On that night, only a single star twinkled in the pitch blackness; I whispered to it,

"Consume Me."

My head lowered down to the feeble body, as a faint tear of regret trickled down my blemished skin. The soundless body lay over the grass like a demented doll as the sky hung above me like an eerie ominous blanket. It made the green trees look charcoaled, and the brown soil look like tar. Coldness brewed onto my shivering skin as his repulsive odour dispersed around me like a dancing curse. I grabbed his body and carried him near an empty hollow pit. Silence. I half hoped he would start laughing, as he always did, but he lay muted. I took the innocent, fragile body and howled from within; my lungs burst ferociously as I stood alone with a breathless body.

The briny rivers gushed down my swollen eyes; my thick lashes stuck together as if I'd been drowning in my palms. My throat was locked in my chest as I began sobbing overpoweringly in the midst of a deserted forest. I could not believe what I was about to do as I looked down at the corpse. What was wrong with it? The body would just not leave my hands! Then I noticed my arms; they were shaking uncontrollably, and the body was shaking with them too. It was as though it was clinging on to my dark soul... I forcefully dropped the lifeless, rigid boy and covered it with pure earth which wept with the rain.

My hands quivered. They shook in horror as I began opening and closing them, rhythmically clenching them as though there'd be some violent solution to the pain. If only I could find it.

The image replayed like a melody in my head; the thought of his dead body buried deep underground, decaying and mouldy, flashed through my mind. I never imagined this for my dear younger brother...

Psychiatric therapy is a confidential process. Before my brother I had done this to others, but it was only when he died, I felt the contamination manifest in me. My guilty conscience was to be unspoken of, and this therapy was something I offered myself. Every day, at noon, I went to an apartment in a desolate area, and I would meet my therapist, John.
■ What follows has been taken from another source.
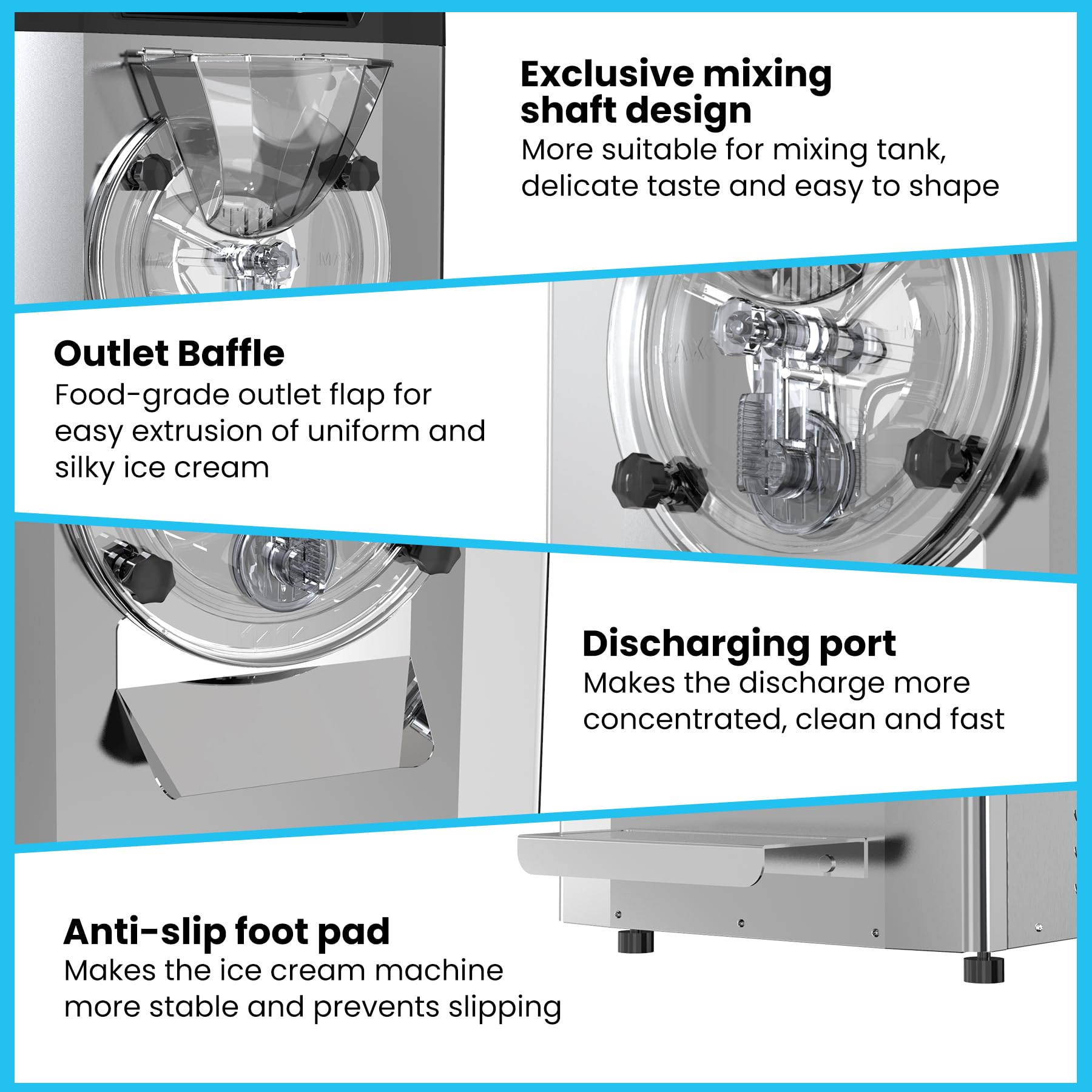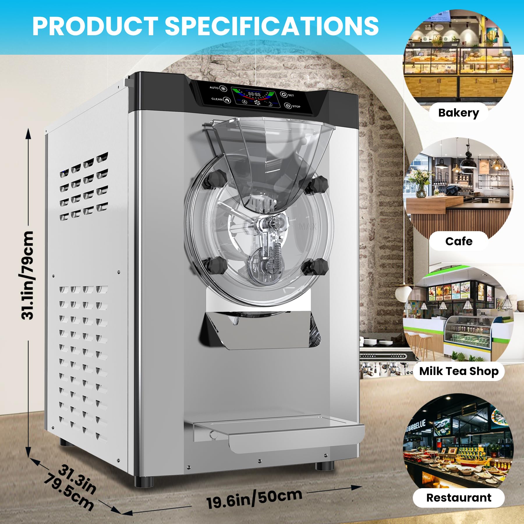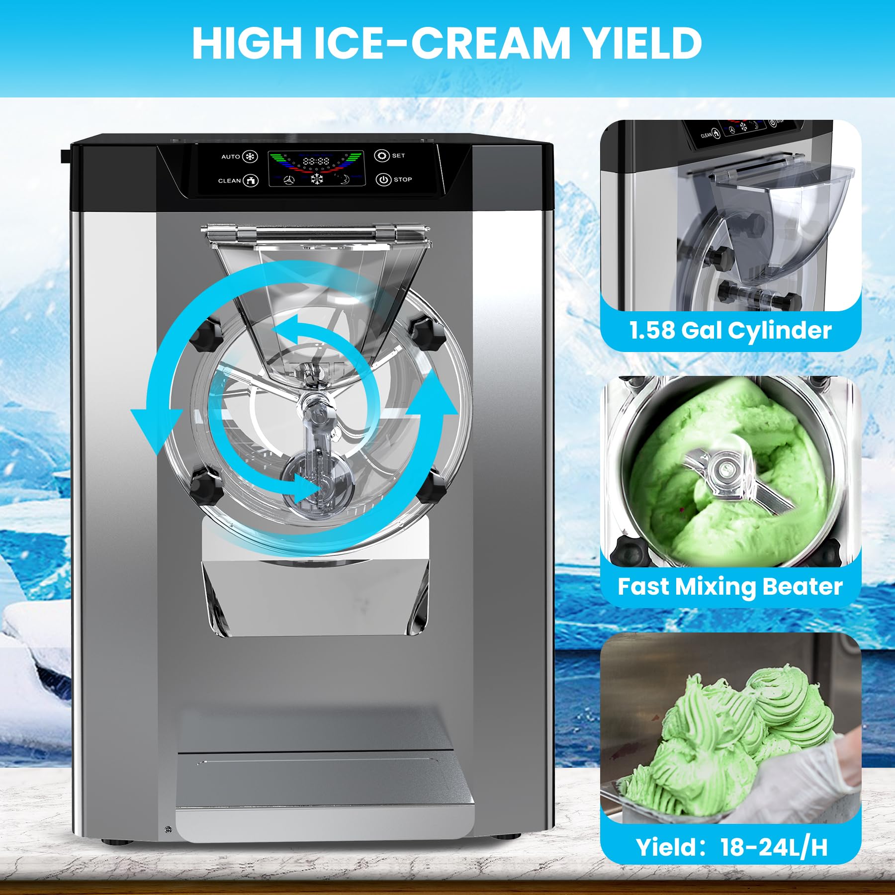 Garvee 2000W Commercial Hard Ice Cream Machine 6.3Gal/H High Output Self-Cleaning LCD Touch Screen 304 Stainless Steel for Cafes Restaurants Home
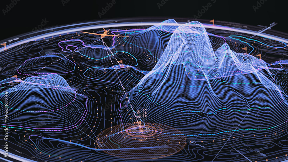 Fototapeta na wymiar - Tactical drone mission interface displaying a 3D topographic mesh with contour lines.

John sat sedate. His shoulders were curved and his back lay lying on the velvet rocking chair. His glasses sat on the round table beside him, but it comforted me for I felt unknown to him. It was easy to confide in him, and it was like the disease from my head was slowly eradicating. On this day I announced to John that after the three years of searching, the results for my brother's death were inconclusive, and he was proclaimed as 'missing'. Yet we know he's not missing. He's dead. I killed him, with my dirty hands - strangled him in the country side lake because he knew my secret. He knew I was mad. And when he died, he knew he wasn't the first...

I never knew my father, and even if I did, I doubt he could've prevented the monster I've become today. My older brother, Ash, was never with me - we were very distant. Even when the news of the death of my younger brother came, he comforted only my mother- she was turning frail and helpless, developing dementia, and only saw herself as a burden in our eyes. Therapy was my only friend.